3.Identification and optimization of peptide inhibitors to block VISTA/PSGL-1 interaction for cancer immunotherapy.
Xiaoshuang NIU ; Menghan WU ; Guodong LI ; Xiuman ZHOU ; Wenpeng CAO ; Wenjie ZHAI ; Aijun WU ; Xiaowen ZHOU ; Shengzhe JIN ; Guanyu CHEN ; Yanying LI ; Jiangfeng DU ; Yahong WU ; Lu QIU ; Wenshan ZHAO ; Yanfeng GAO
Acta Pharmaceutica Sinica B 2023;13(11):4511-4522
Developing new therapeutic agents for cancer immunotherapy is highly demanding due to the low response ratio of PD-1/PD-L1 blockade in cancer patients.

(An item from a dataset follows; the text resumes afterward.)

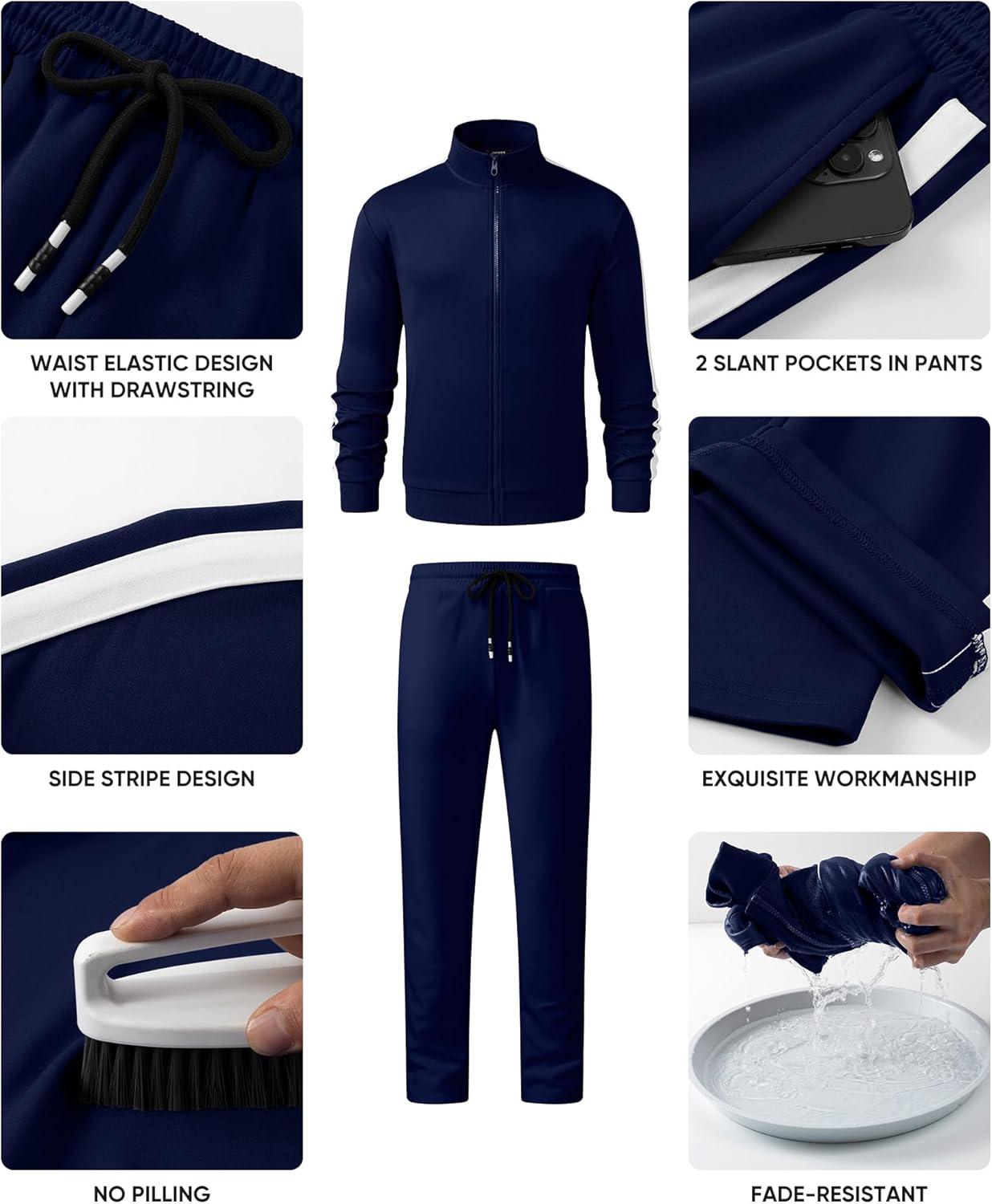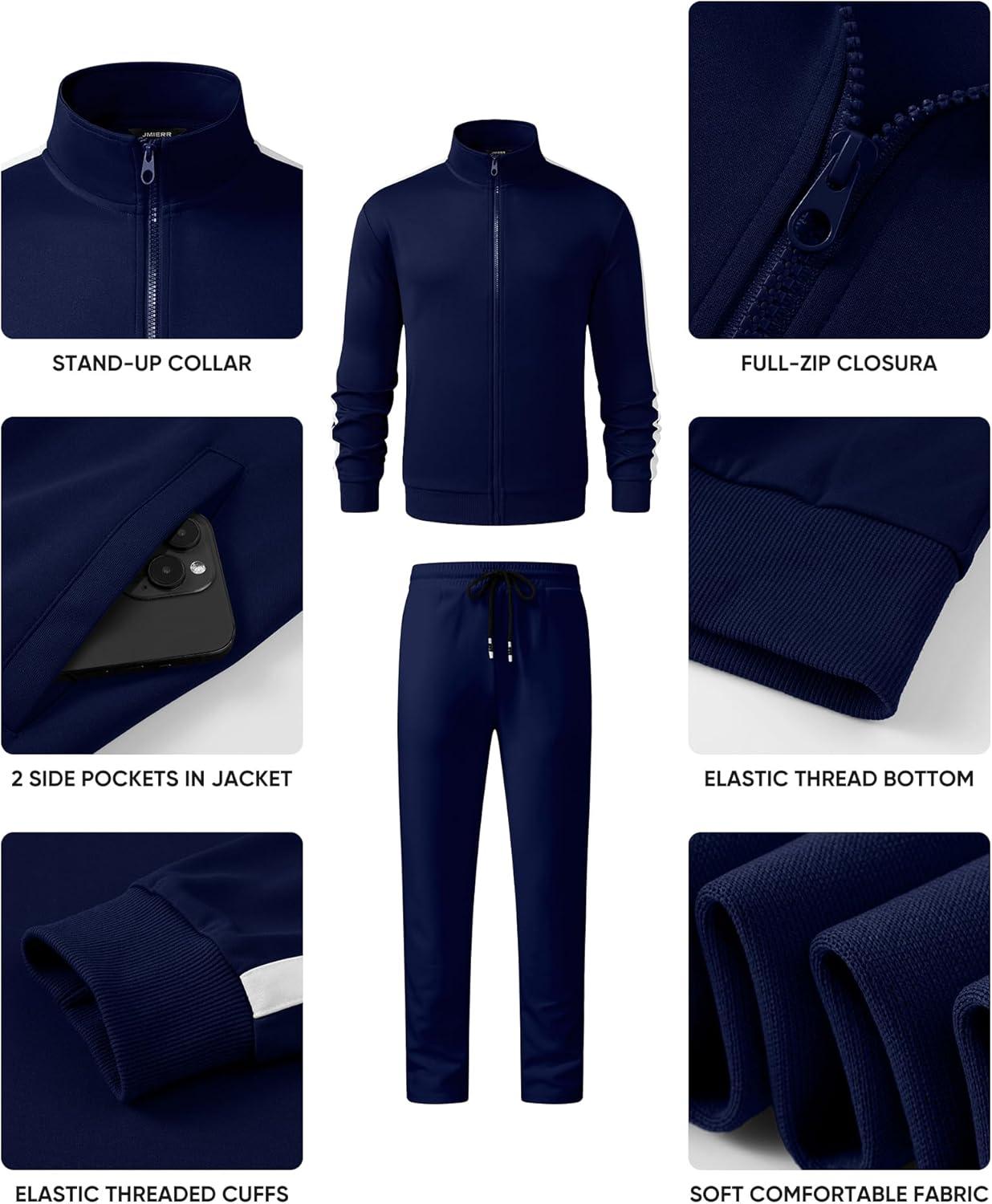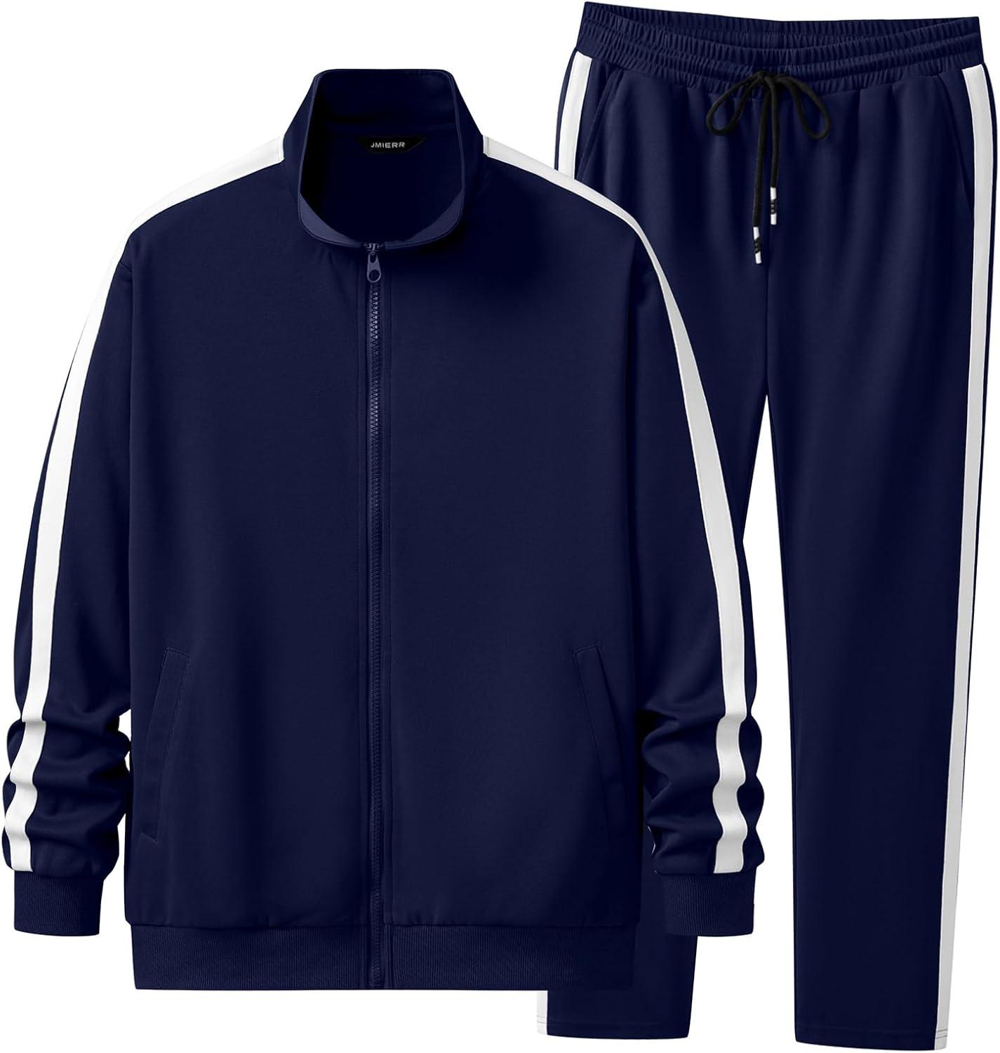 JMIERR Men’s Track Suits 2 Piece Full Zip Sports Outfits Set Sweatshirt and Joggers Sweatpants(Navy Blue)

Here, we discovered that the novel immune checkpoint VISTA is highly expressed on a variety of tumor-infiltrating immune cells, especially myeloid derived suppressor cells (MDSCs) and CD8+ T cells. Then, peptide C1 with binding affinity to VISTA was developed by phage displayed bio-panning technique, and its mutant peptide VS3 was obtained by molecular docking based mutation. Peptide VS3 could bind VISTA with high affinity and block its interaction with ligand PSGL-1 under acidic condition, and elicit anti-tumor activity in vivo. The peptide DVS3-Pal was further designed by d-amino acid substitution and fatty acid modification, which exhibited strong proteolytic stability and significant anti-tumor activity through enhancing CD8+ T cell function and decreasing MDSCs infiltration. This is the first study to develop peptides to block VISTA/PSGL-1 interaction, which could act as promising candidates for cancer immunotherapy.